彼らはこれまで本ネーミングのほかに「関西若手四天王」、「関西若手四銃士」などとも呼ばれていたのだが、今回の大々的な特集により、「関西若手四強」というネーミングが市民権獲得を確実としそうだ。*1
だが実は、後述するように、これらネーミングが早々に「解消」されることのほうが、将棋界にとっては面白く、望ましいかもしれない。

「もっと若い世代」

つい先日の「【棋聖戦・梅田望夫氏観戦記】(1)将棋界は「これからの10年」抜群に面白くなる - MSN産経ニュース」の中で、

第一の理由は、棋士同士の戦いが間違いなく「戦国時代」に入るということである。
「四つの世代」のせめぎ合いという視点でこれからの「戦国時代」をとらえると、将棋に詳しくない方にも、将棋界を俯瞰した視点が持てるのではないかと思う。
「四つの世代」とは、この十五年、将棋界を制覇してきた「羽生世代」(1969年から71年生まれ)。そしてその「ちょっと下の世代」(1972年から1975年生まれ)。さらに、二十代半ばの「渡辺竜王を中心とする世代」(1980年から1985年生まれ)。そしてそれよりも「もっと若い世代」。
この「四つの世代」が、これからの十年、激烈な争いを繰り広げることになるのだ。

と紹介されており、さらに「羽生世代」と「ちょっと下の世代」についての深い解説がされている。
一方でこの記事では「渡辺竜王を中心とする世代」と「もっと若い世代」についての説明は無いわけだが、そう、彼ら「関西若手四強」が、後者の「もっと若い世代」に当てはまる、といえる。最近将棋ファンになった方々は、とりあえず彼らに注目しておけば、「戦国時代」に乗り遅れずに将棋の世界を楽しめるはずだ。

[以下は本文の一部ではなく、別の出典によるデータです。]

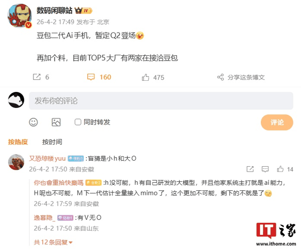 有网友猜测博主所指的两个大厂是“h”和“O”,但随后有其他网友否认了该说法,表示“h”有自己研发的大模型所以不可能。同时他认为“H”和“M”也不太可能, 所以应该是剩下的厂商在洽谈 (IT之家注:H 预计指华为、h 预计指荣耀、M 预计指小米、O 预计指 OPPO、V 预计指 vivo)。

「チャイルドブランド」→「羽生世代」、「関西若手四強」→「?」

ところで、最近将棋ファンになった方々は、「チャイルドブランド」という用語をご存じないのではないだろうか。

チャイルドブランドの台頭
羽生世代のうち10代からめざましい活躍をした羽生・村山・佐藤・森内の4人は、島朗によって「チャイルドブランド」と命名された。4人のうち羽生・佐藤・森内の3人は、島が主宰する研究会「島研」で腕を磨いたメンバーであった。年上の森下卓(1966年7月10日- )も広義でチャイルドブランドの一人とされた。
1980年代後半にあって、従来の形・慣習にとらわれない将棋観を持つ彼らは、先輩棋士達をなぎ倒していく。1988年度のNHK杯戦で、18歳の羽生善治が4人の名人経験者(大山康晴十五世名人、加藤一二三九段、谷川浩司名人…準決勝、中原誠棋聖・王座…決勝)を破って優勝したことで、将棋ファンにもチャイルドブランドの強さが印象づけられた。
1990年代前半には、森内と先崎が棋戦優勝、郷田と佐藤がタイトル獲得をする。羽生を含む彼ら5名は早熟のため、A級昇級よりも優勝・タイトルが先行した。

羽生世代は昔、その見事な勝ちっぷりから「チャイルドブランド」と呼ばれ恐れられていた。が、その名称はしばらくして使われなくなった(私は将棋ファンとしてリアルタイムでその刻をすごしていないので、厳密な時期はわからない)。周りから見て「可愛げの無い」勝ちっぷりと、この微笑ましいネーミングが、あまりにもミスマッチになってしまったからだ。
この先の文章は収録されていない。